Fest steht lediglich, dass Romero Trump bei der Übergabe der Silbermedaille nicht die Hand schüttelte.

Bitterer Abend für Argentinien

Für Romero und seine Mannschaft war der Abend ohnehin von großer Enttäuschung geprägt.

Argentinien hatte die Chance, den Weltmeistertitel zu verteidigen, musste sich Spanien jedoch nach Verlängerung mit 0:1 geschlagen geben. Damit blieb der Mannschaft von Trainer Lionel Scaloni am Ende nur die Silbermedaille.

Die Niederlage war besonders bitter, nachdem Argentinien im Halbfinale England mit 2:1 besiegt und damit den Einzug ins Endspiel perfekt gemacht hatte.

Nun muss die Mannschaft mit der Enttäuschung umgehen, den Titel nicht erneut gewonnen zu haben.

Trump als prominenter Gast beim Finale

Die Anwesenheit von Donald Trump beim WM-Finale hatte bereits vor dem Spiel für große Aufmerksamkeit gesorgt. Als US-Präsident war er einer der prominentesten Gäste bei einem der größten Sportereignisse der Welt.

Bei der Siegerehrung stand Trump gemeinsam mit FIFA-Präsident Gianni Infantino auf dem Podium und begrüßte die Spieler.

Während mehrere argentinische Fußballer den Politiker persönlich begrüßten, sorgte Romeros Entscheidung, ohne Handschlag an ihm vorbeizugehen, für einen besonders auffälligen Moment.

Was steckt wirklich dahinter?

Ob Romero mit seinem Verhalten tatsächlich ein politisches Signal senden wollte, bleibt offen. Ohne eine Erklärung des Spielers wäre es spekulativ, ihm eine konkrete Motivation zuzuschreiben.

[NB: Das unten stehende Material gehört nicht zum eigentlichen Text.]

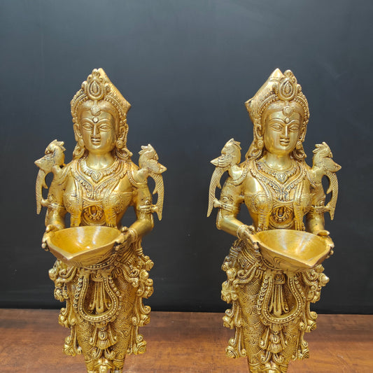 Brass Deeplakshmi Pavaai Vilakku Statue Pair Showpiece Fo...
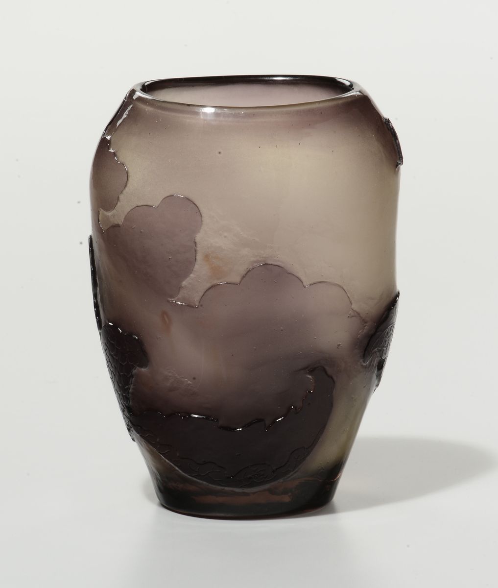 Delizioso piccolo vaso della serie verrerie parlante. Vetro violaceo e lattimo lavorato a cammeo e a marqueterie con decoro floreale. Nel corpo, a cammeo, la frase: Bonheur Bon An Bon Siécle. Firma a cammeo. Altezza cm 12. 1900
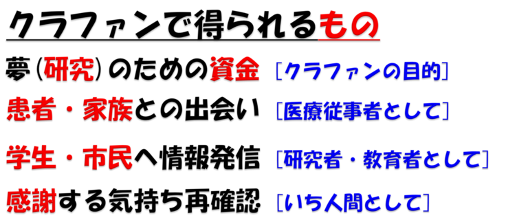 研究者が自身の研究対象としている病気の患者・家族の皆様との接点が少ないので、双方向につながる機会が得られるクラファンは、私達にとっては研究のモチベーションになりますし、患者・家族の方々には希望になるかもしれないと期待しております。
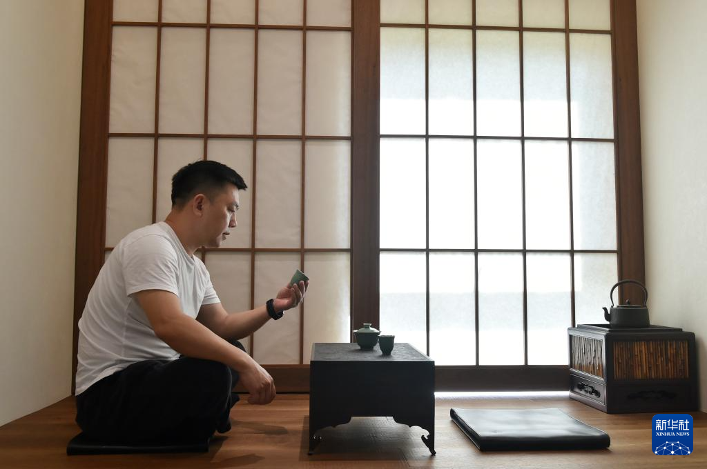 8月7日,“龙泉青瓷烧制技艺”代表性传承人王武在位于浙江省龙泉市的“初青·王武”工作室查看作品。
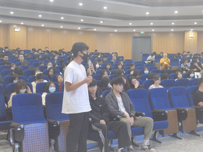 为拉进与同学们的心理距离,刘普云老师自称自己为“刘老同学”。对如何扣好人生的第一粒扣子,他给同学们分享了贪得无厌的老财主和诚实劳动的小伙子在面对万能小泥人时的不同态度,获取数量不同的物资财富,而导致不同的人生结果。诚实劳动的小伙子用知足的心态而获得良好的结局,贪婪的财主由于无尽的欲望而最终一无所得,指出依靠自身实实在在的劳动去获取劳动果实是成就快乐和充实的人生前提。幸福人生不要过多地依赖走捷径。对大学生如何扣好人生的每一粒扣子,刘老师认为必须学会学习、全面发展,提高自己的判断力和正确选择的能力,既把握现在又立足长远,才能扣好人生的每一粒扣子。谈到如何看待错误、每个人在自己的人生中有多少个角色、如何发现处理扣错的扣子等问题时,刘普云老师挑选了三组同学展开现场辩论。同学们在讲座现场各述其词,从不同角度分享他们看待错误问题的视角和观点,许多未被挑选到发言的同学们也积极主动地参与了讨论,现场气氛热烈,大家受益匪浅。
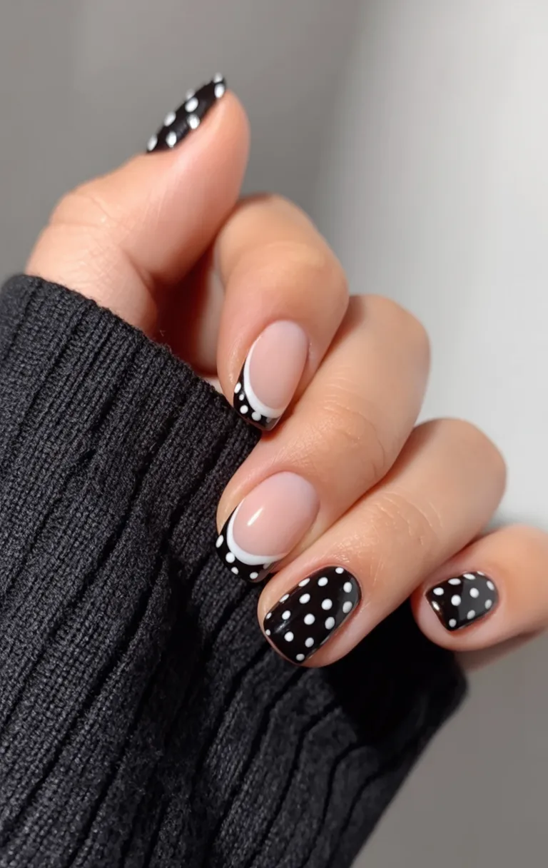 18. Black French with Polka Dot Accent
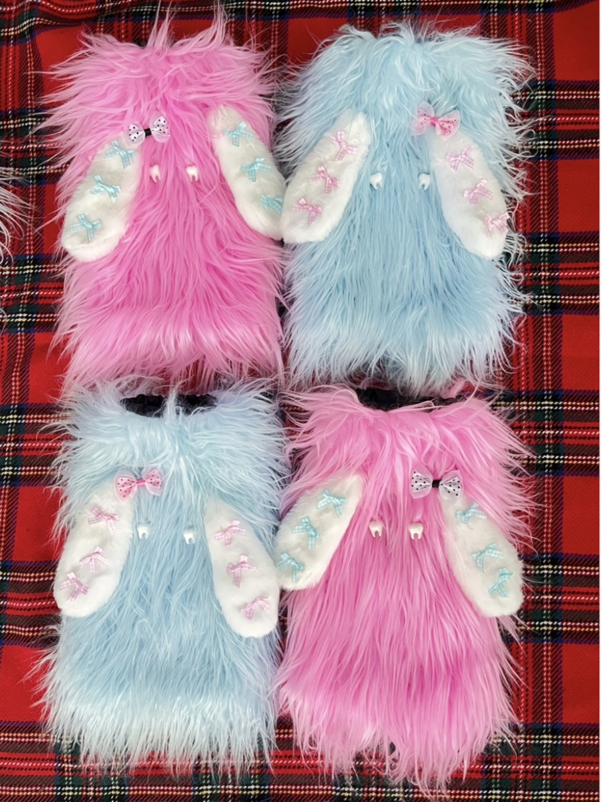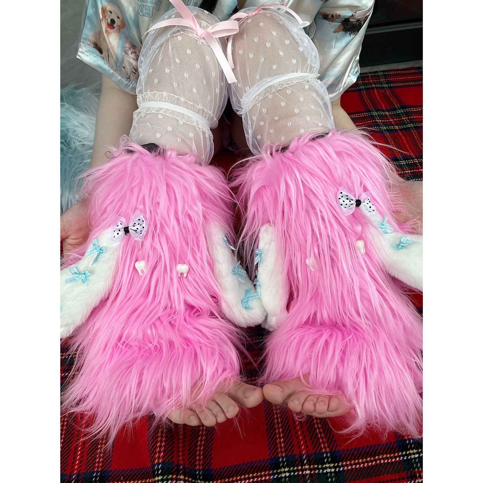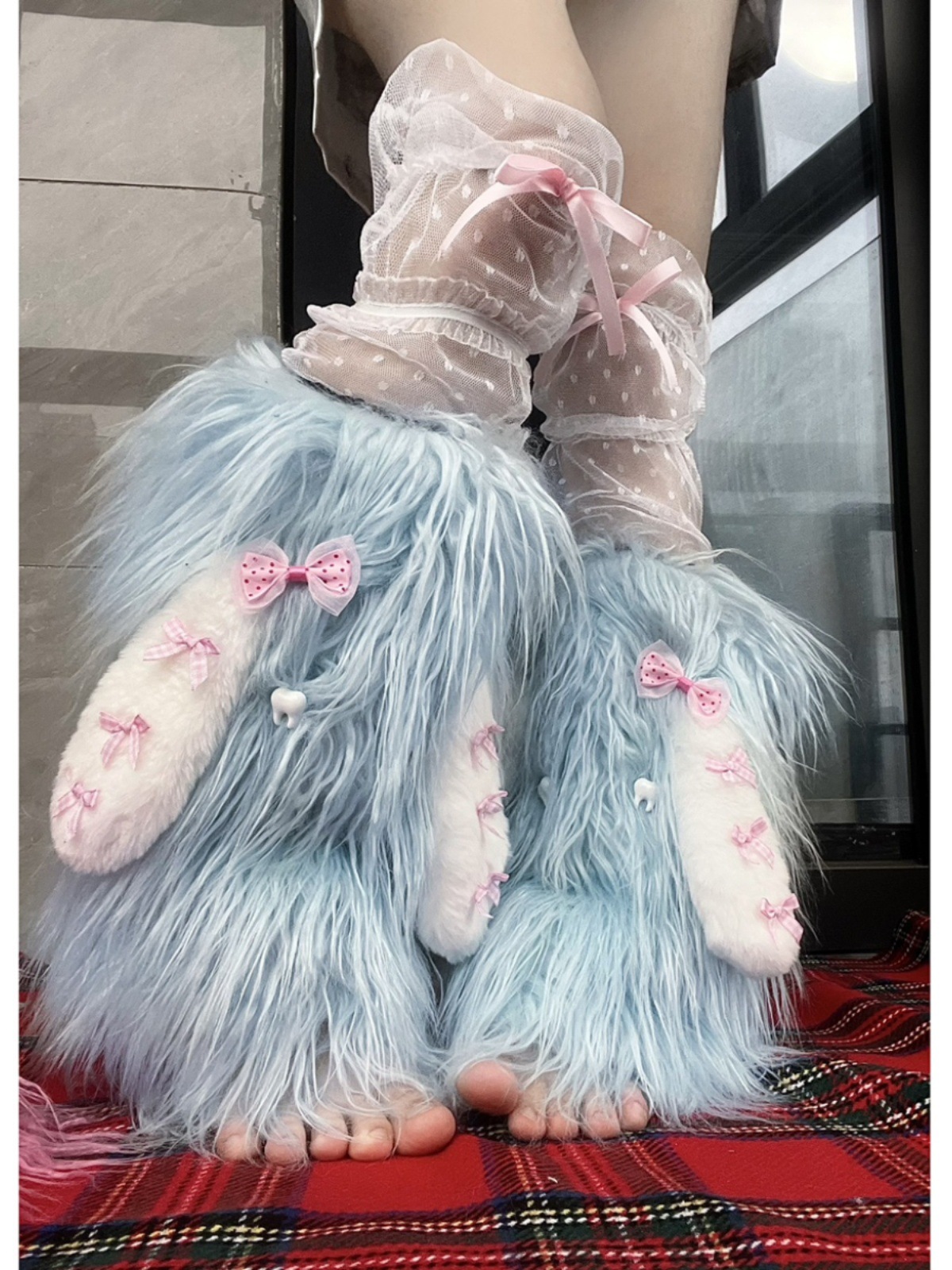 オリジナルデザインの青い巻き毛の長い耳の蝶結びの雪怪亜文化y 2kの長い毛の2色の足のカバーの靴下
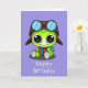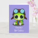 A cute chibi cartoon illustration. A green baby turtle wearing a blue scarf and brown aviator hat with goggles. Big wide kawaii eyes and an adorable smile. Happy birthday written on the front in a quirky font and a birthday message inside. Customize how you like.
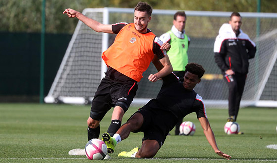 After a good warm-up that was followed by keep-ball, the Red and Black squad was split into two groups. The first worked on moving the ball with rhythm, before some finishing work in front of goal; whilst the second took part in a drill that combined finishing, acceleration and technical play with the ball.
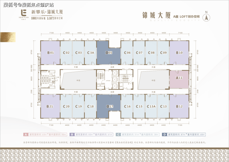 锦城大厦A座LOFT户型为:51㎡、63㎡、83㎡、87㎡
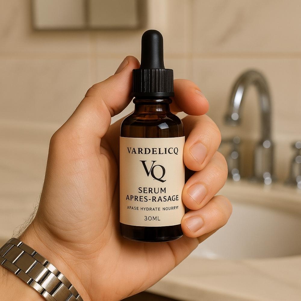 Chaque goutte du sérum après-rasage Vardelicq concentre le meilleur du soin post-rasage : des huiles végétales nourrissantes, des actifs apaisants et une texture légère, non grasse.
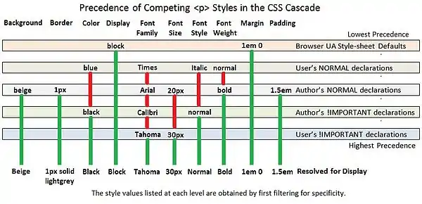 - Notice that in the above hierarchy the user's styles with the !Important keyword marking are given the highest priority of all, and that they can only fail by omission. That is to say, other styles can be used but only when a format was not specified there. In general the styles selected to represent an origin-level in the cascade can only impose on the eventual outcome if no source that is ranked above it in importance has set a value of its own. This is displayed by the graphic of Figure 3 in a more intuitively way than the sorting table, but it shows the same example.
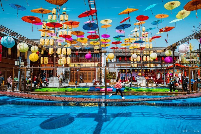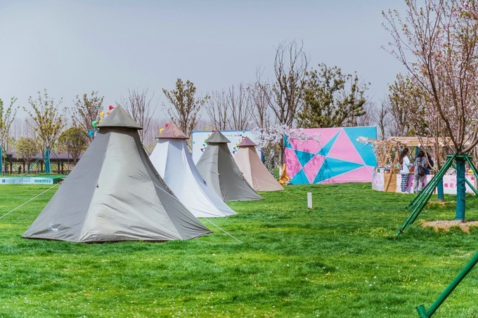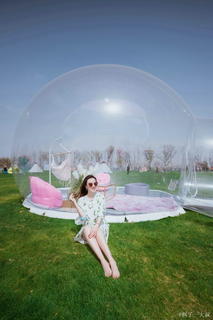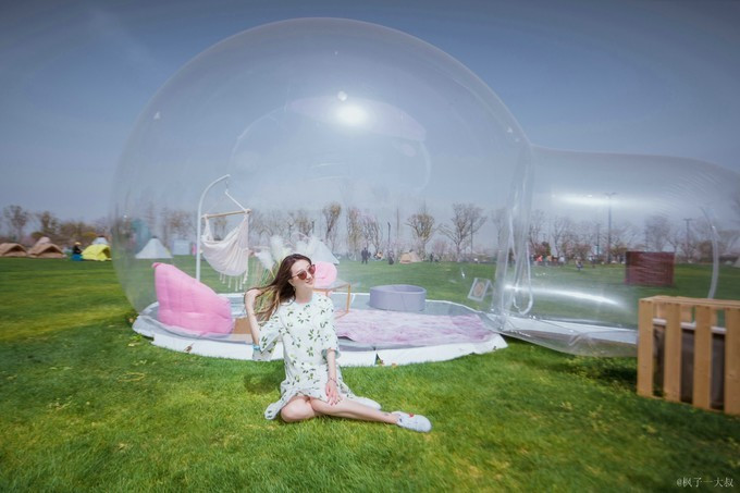 景区内除了汉服快闪和不同演艺节目外,还有举办帐篷节,在一处宽广的草地上,不同造型和主题的帐篷散布其间。当你不想循规蹈矩住在酒店时,就可以来这体验一下户外的自由睡眠,尤其是浪漫的星空帐篷,白天可以拍出浪漫的照片,晚上能与她与星夜作伴。
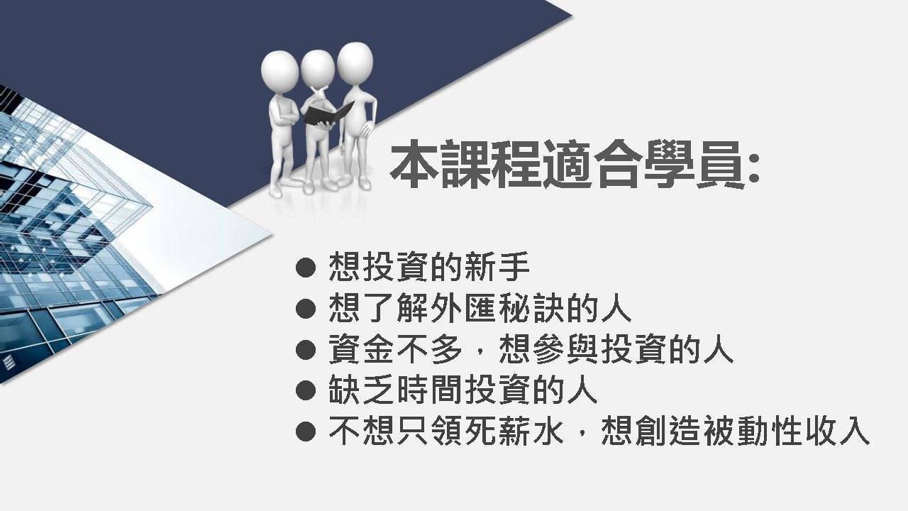 簡介:外匯是一種24小時不打烊的全球市場,每日交易量非常龐大,是個公開且透明的投資工具。學習如何以錢養錢,創造長期穩定的被動收入,每月幫自己加薪,提早實現財務自主。將十幾年外匯實務經驗用簡單、易學的方式傳遞分享,即便是完全沒有任何投資經驗的新手,也可以輕易上手。
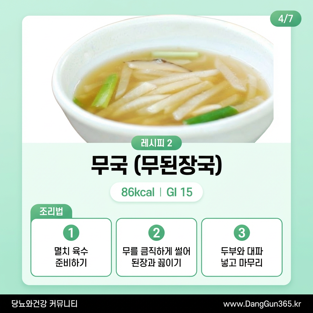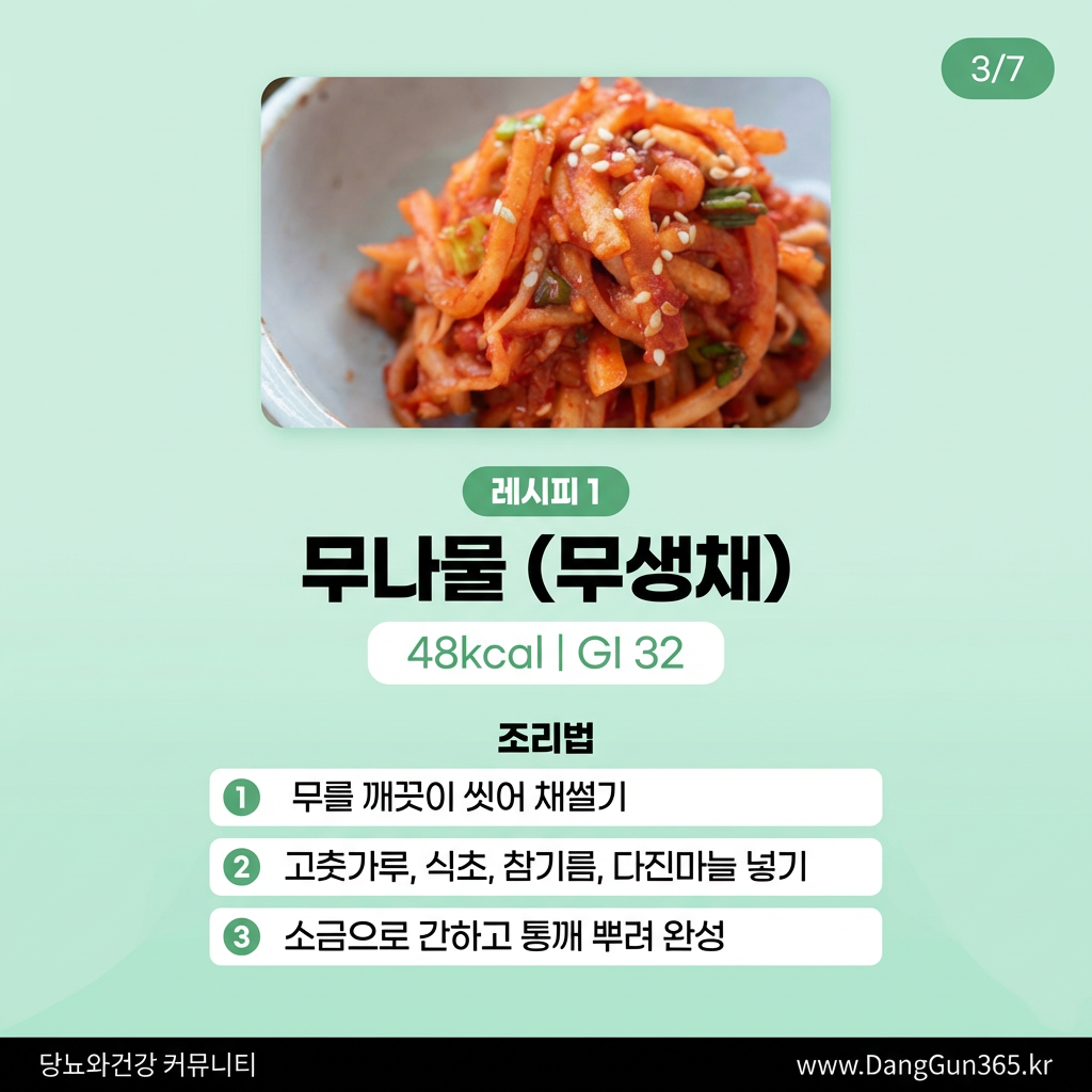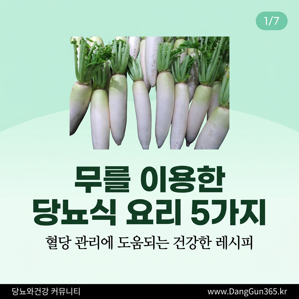 무는 수분 함량이 높고(약 95%), 칼로리가 낮으며(100g당 약 18kcal), 소화효소인 디아스타아제가 풍부해 당뇨 환자분들께 좋은 식재료입니다.
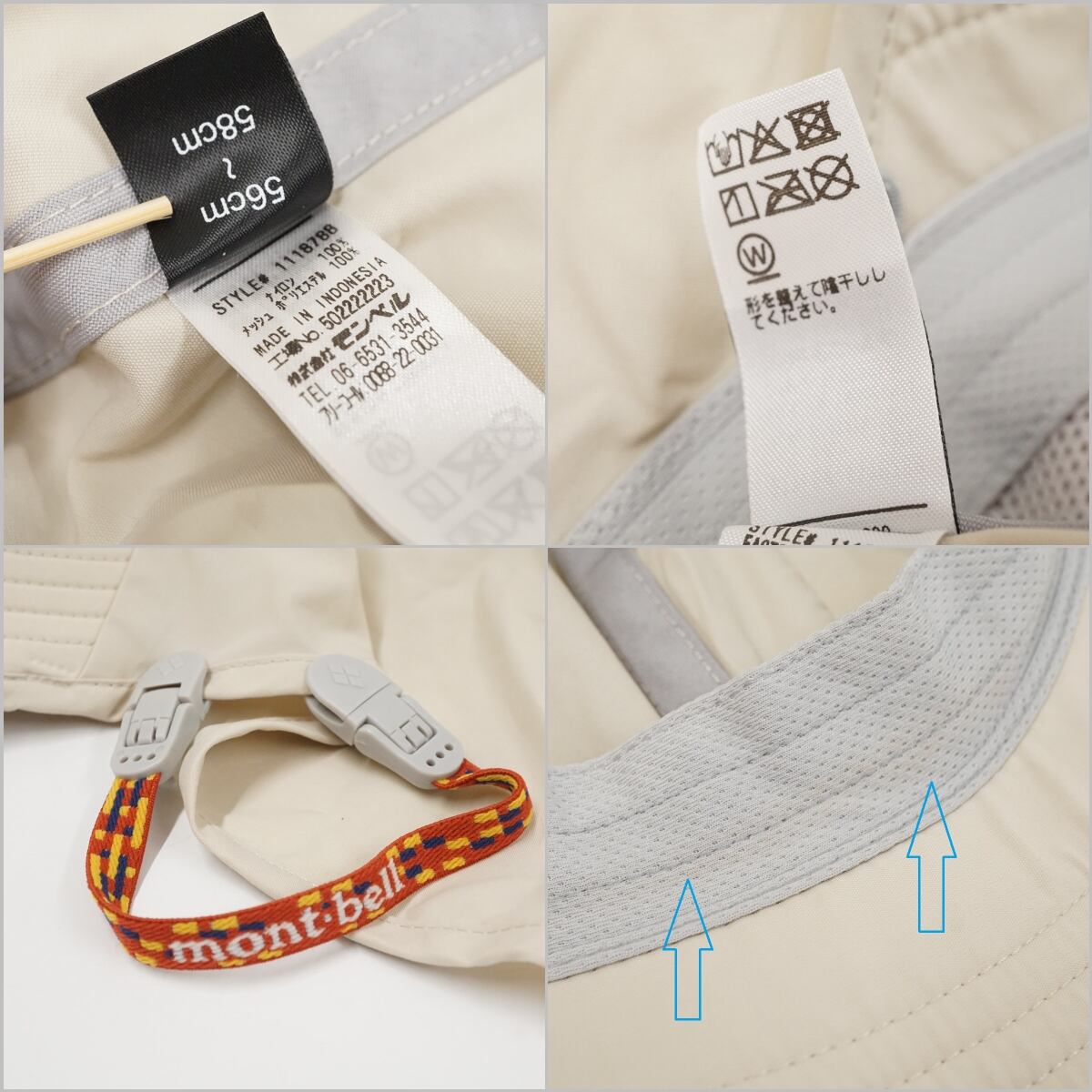 mont-bell モンベル シェードハット USED美品 男女兼用 Mサイズ アイボリー メッシュ アウトドア 紫外線対策 X9592
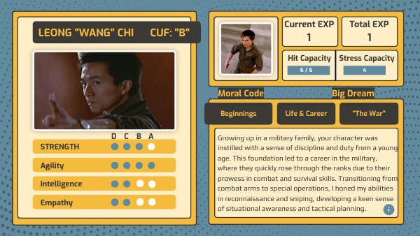 Growing up in a military family, your character was instilled with a sense of discipline and duty from a young age. This foundation led to a career in the military, where they quickly rose through the ranks due to their prowess in combat and survival skills. Transitioning from combat arms to special operations, I honed my abilities in reconnaissance and sniping, developing a keen sense of situational awareness and tactical planning.

Dennoch zeigt die Szene einmal mehr, wie stark politische und sportliche Ereignisse bei einer Weltmeisterschaft miteinander verbunden sein können.

Für Cristian Romero dürfte jedoch vor allem die sportliche Enttäuschung im Vordergrund stehen. Nach dem verlorenen Finale muss sich der argentinische Verteidiger mit seinen Teamkollegen mit dem zweiten Platz zufriedengeben.

Sein kurzer Moment bei der Medaillenübergabe dürfte allerdings noch länger für Diskussionen sorgen – insbesondere, weil die Kameras den ungewöhnlichen Augenblick genau festhielten.